Source data
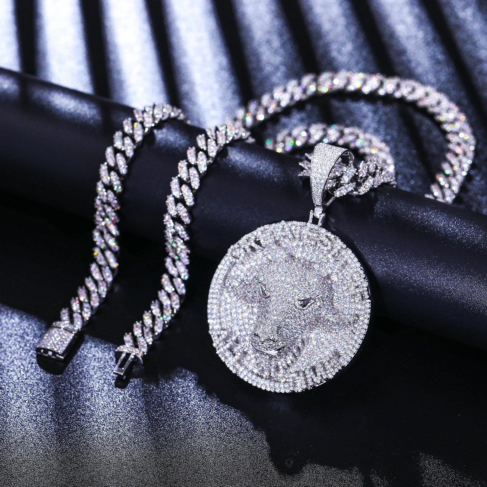 Full Of Moissanite Personality Animal Goat Head Necklace Pendant Men Women 925 Sterling Silver Iced Out Hip Hop Party Jewelry
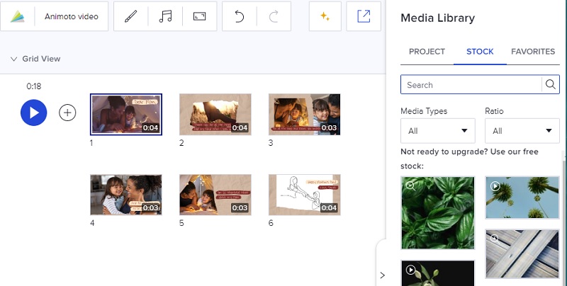 For den andre online filmprodusenten er Animoto egnet for lage lysbildefremvisninger for bryllup, produktdemoer og bursdagskort. De enkle og vanlige videoene kan lages fantastisk så lenge vi bruker Animoto. En flott ting vi kan bruke med dette nettbaserte redigeringsverktøyet er det faktum at det har et stort musikkbibliotek som vi kan bruke til å lage interessante og morsomme videoer. Du kan også samarbeide med alle disse ved å bruke mer enn 40 fonter for å gjøre videoen din levende.
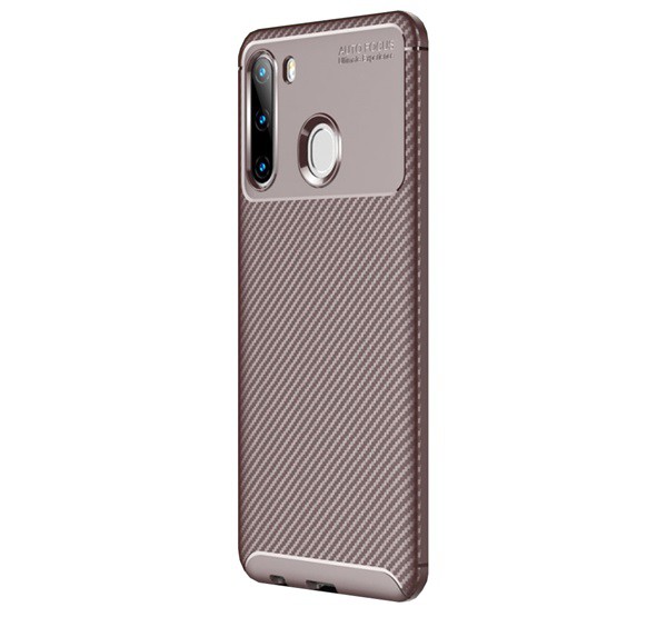 Szilikon telefonvédő (közepesen ütésálló, légpárnás sarok, karbon minta) BARNA [Samsung Galaxy A21 (SM-A210F)]
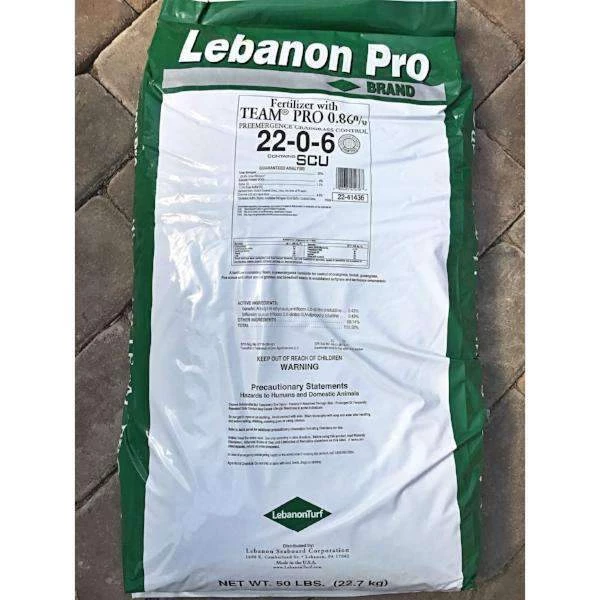Our “Step 1”, this is a lawnĀ fertilizer containing Team, a preemergence herbicide for control ofĀ crabgrass, foxtail,Ā goosegrass, Poa annua and other annual grasses and broadleaf weeds in established turfgrass and landscape ornamentals. This should be applied anytime between April 1st and May 15th. Treats 15,000 Square feet.Ā 22-0-6
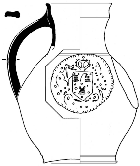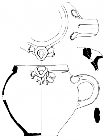 Pot 3-1fPot à base plate et col tronconique. Sa lèvre est triangulaire et pourvue d'une large anse plate. Les parois de ce récipient sont généralement fines, et son encolure est proche de celle du pot 28-7.
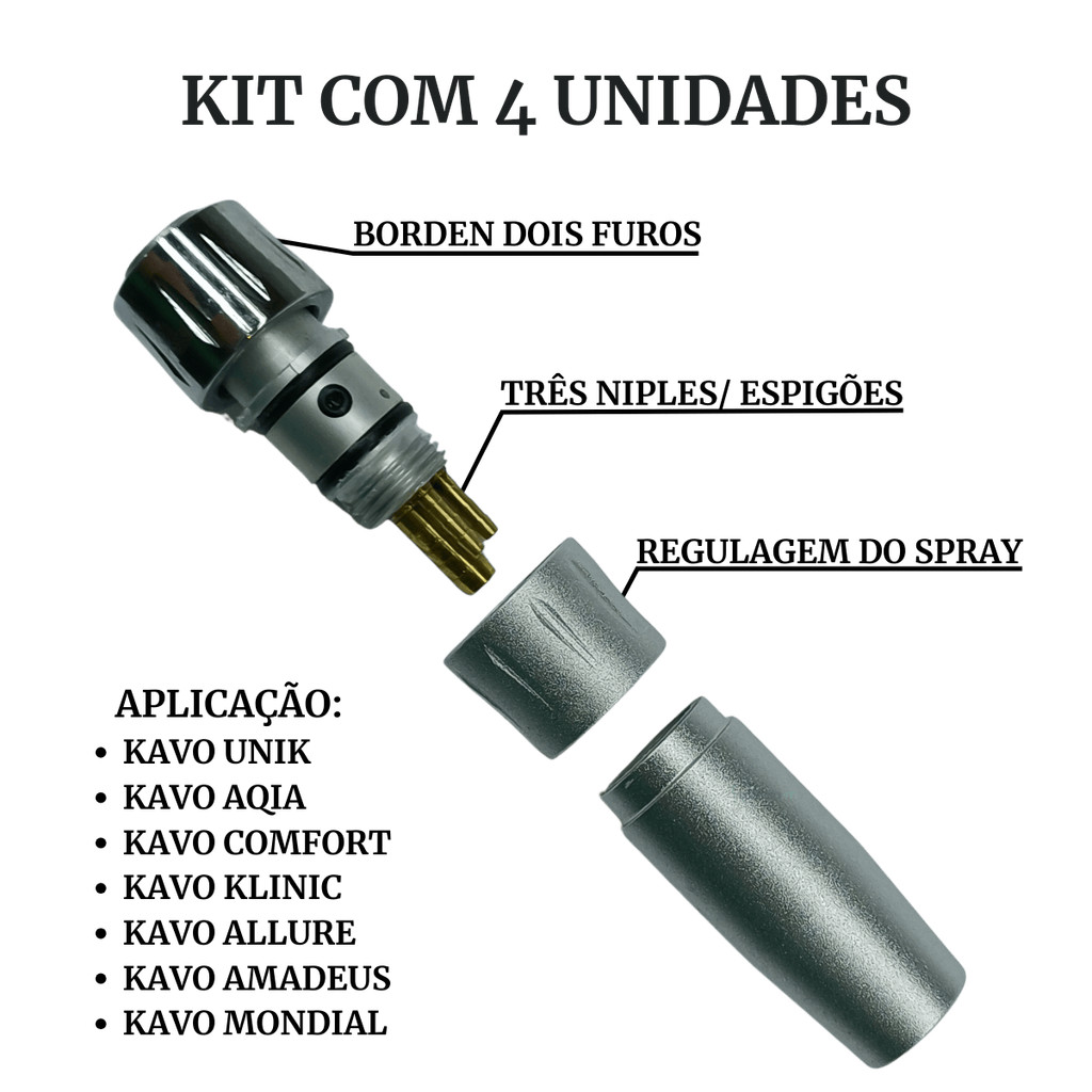 Kit 4 Terminal Triplo Borden Com Luva De Regulagem Kavo Unik Allure Aqia Klinic Amadeus Mondial

§ ACTION ITEM: Exact repeats of the lines from the first one in the data through the line containing "Szilikon telefonvédő (közepesen" make up the answer. Pictures do not.

§ SOLVED PROBLEM:
 Full Of Moissanite Personality Animal Goat Head Necklace Pendant Men Women 925 Sterling Silver Iced Out Hip Hop Party Jewelry
 For den andre online filmprodusenten er Animoto egnet for lage lysbildefremvisninger for bryllup, produktdemoer og bursdagskort. De enkle og vanlige videoene kan lages fantastisk så lenge vi bruker Animoto. En flott ting vi kan bruke med dette nettbaserte redigeringsverktøyet er det faktum at det har et stort musikkbibliotek som vi kan bruke til å lage interessante og morsomme videoer. Du kan også samarbeide med alle disse ved å bruke mer enn 40 fonter for å gjøre videoen din levende.
 Szilikon telefonvédő (közepesen ütésálló, légpárnás sarok, karbon minta) BARNA [Samsung Galaxy A21 (SM-A210F)]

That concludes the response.